• **PROBLEM DESCRIPTION**: Leave every image out, and print the remaining lines below exactly.

• **MATERIAL PROVIDED**:
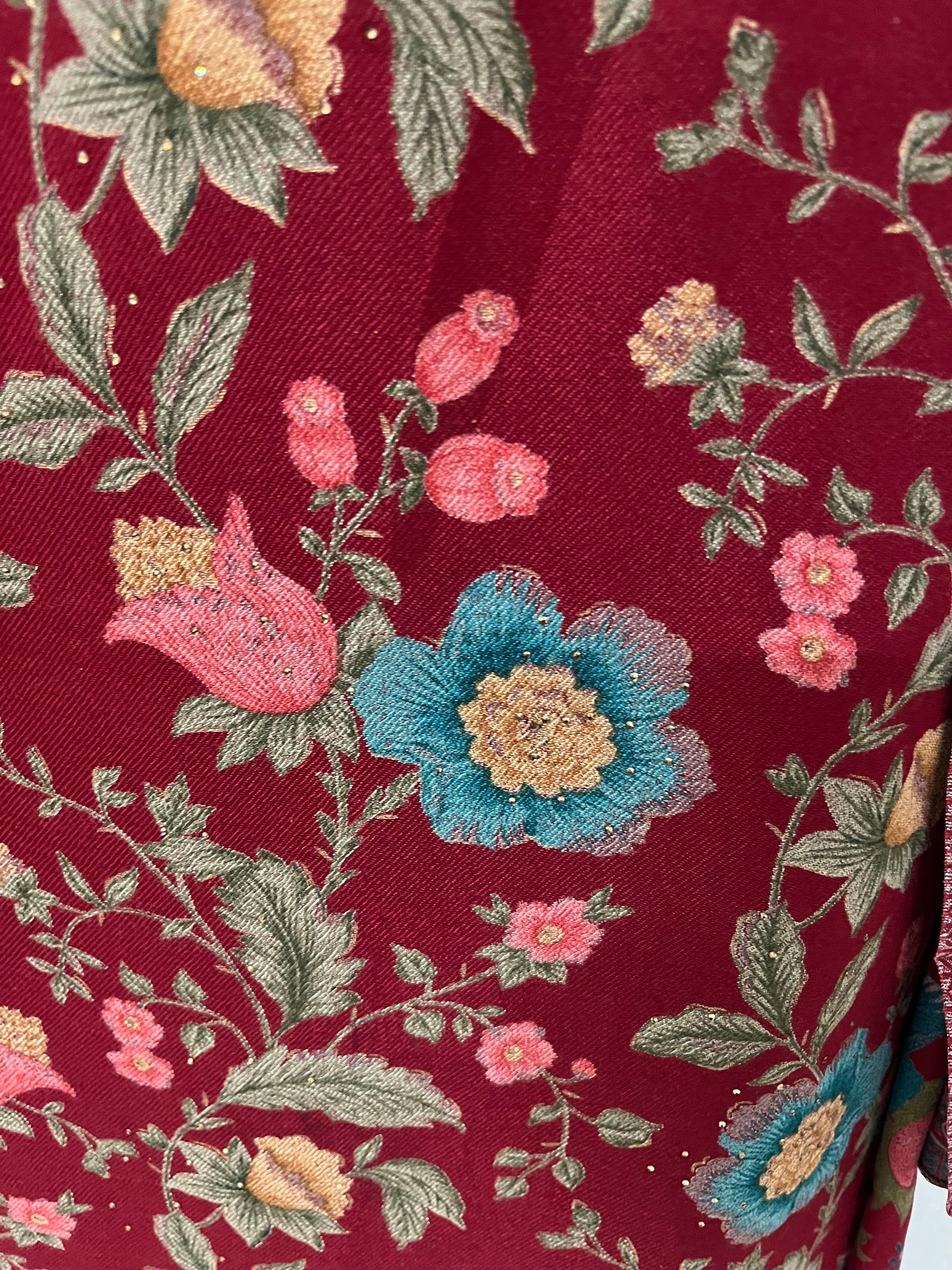 This Ruby Red Pure Spun Wool Suit is a perfect blend of winter comfort and elegant detailing. The suit features an all-over digital floral print, enhanced with subtle Swarovski highlights that add a soft shimmer without looking heavy.
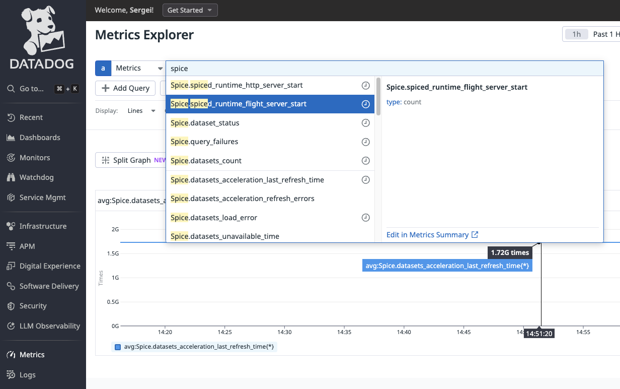 3. Open Datadog Metrics Explorer and type spice to confirm Spice telemetry information is successfully collected.
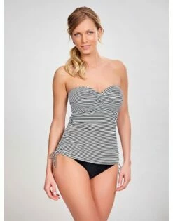 Voor een mooi egaal gebruinde decolleté kan je deze bandeau tankini strapless dragen
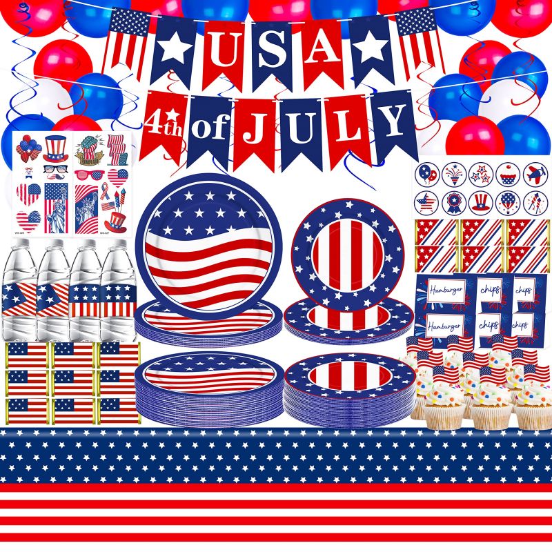 - Celebrate 4th of July in style with this all-in-one party pack! With 261 pieces,it will meet your demand to host a memorable patriotic themed gathering. Most items feature patriotic designs in red white blue, ensuring a fun and enjoyable party experience.
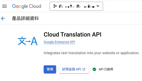 Please first ensure that the GCP Project of the Service Account created in Step 2 has the “Cloud Translation API” enabled
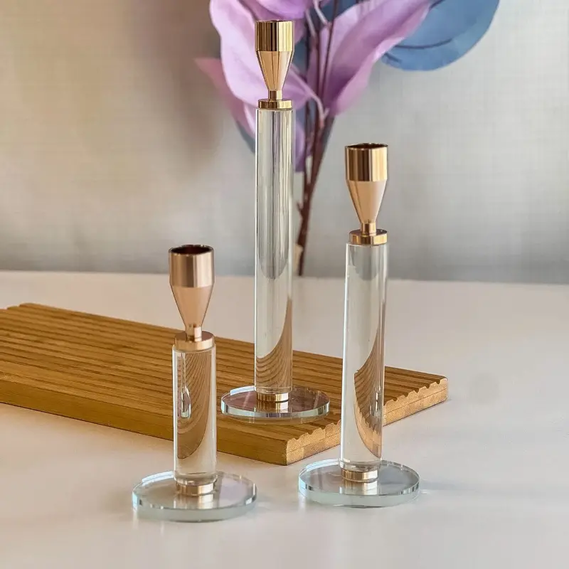رائج شمعدان كريستال فاخر 3 قطع (باللون الذهبي) لتزيين منزلك
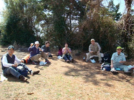 計画スケジュール通りの11:05ピッタシに到着した。 今日はハイカーも少なく、広場でお弁当を広げている のは2、3Gpしかいない。 我々もここで車座に座り込み昼食とし、先ずは恒例の 梅酒で乾杯から入る。 一汗かいた後、青天井の下で食べるオニギリや ラーメンが旨い。 30分ほどノンビリ休憩して予定より早めに下りに入る (12:35)。 |
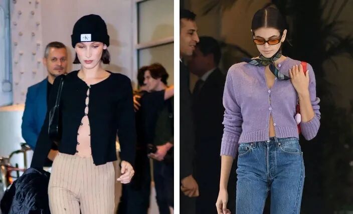 比如之前刘雯在微博上晒了一组自己穿针织开衫的照片,裹身的款式、系上的扣子,都和我们以往对于开衫的概念完全不同了。

• **EXERCISE OUTPUT**:
 This Ruby Red Pure Spun Wool Suit is a perfect blend of winter comfort and elegant detailing. The suit features an all-over digital floral print, enhanced with subtle Swarovski highlights that add a soft shimmer without looking heavy.
 3. Open Datadog Metrics Explorer and type spice to confirm Spice telemetry information is successfully collected.
 Voor een mooi egaal gebruinde decolleté kan je deze bandeau tankini strapless dragen
 - Celebrate 4th of July in style with this all-in-one party pack! With 261 pieces,it will meet your demand to host a memorable patriotic themed gathering. Most items feature patriotic designs in red white blue, ensuring a fun and enjoyable party experience.
 Please first ensure that the GCP Project of the Service Account created in Step 2 has the “Cloud Translation API” enabled
رائج شمعدان كريستال فاخر 3 قطع (باللون الذهبي) لتزيين منزلك
 計画スケジュール通りの11:05ピッタシに到着した。 今日はハイカーも少なく、広場でお弁当を広げている のは2、3Gpしかいない。 我々もここで車座に座り込み昼食とし、先ずは恒例の 梅酒で乾杯から入る。 一汗かいた後、青天井の下で食べるオニギリや ラーメンが旨い。 30分ほどノンビリ休憩して予定より早めに下りに入る (12:35)。 |
 比如之前刘雯在微博上晒了一组自己穿针织开衫的照片,裹身的款式、系上的扣子,都和我们以往对于开衫的概念完全不同了。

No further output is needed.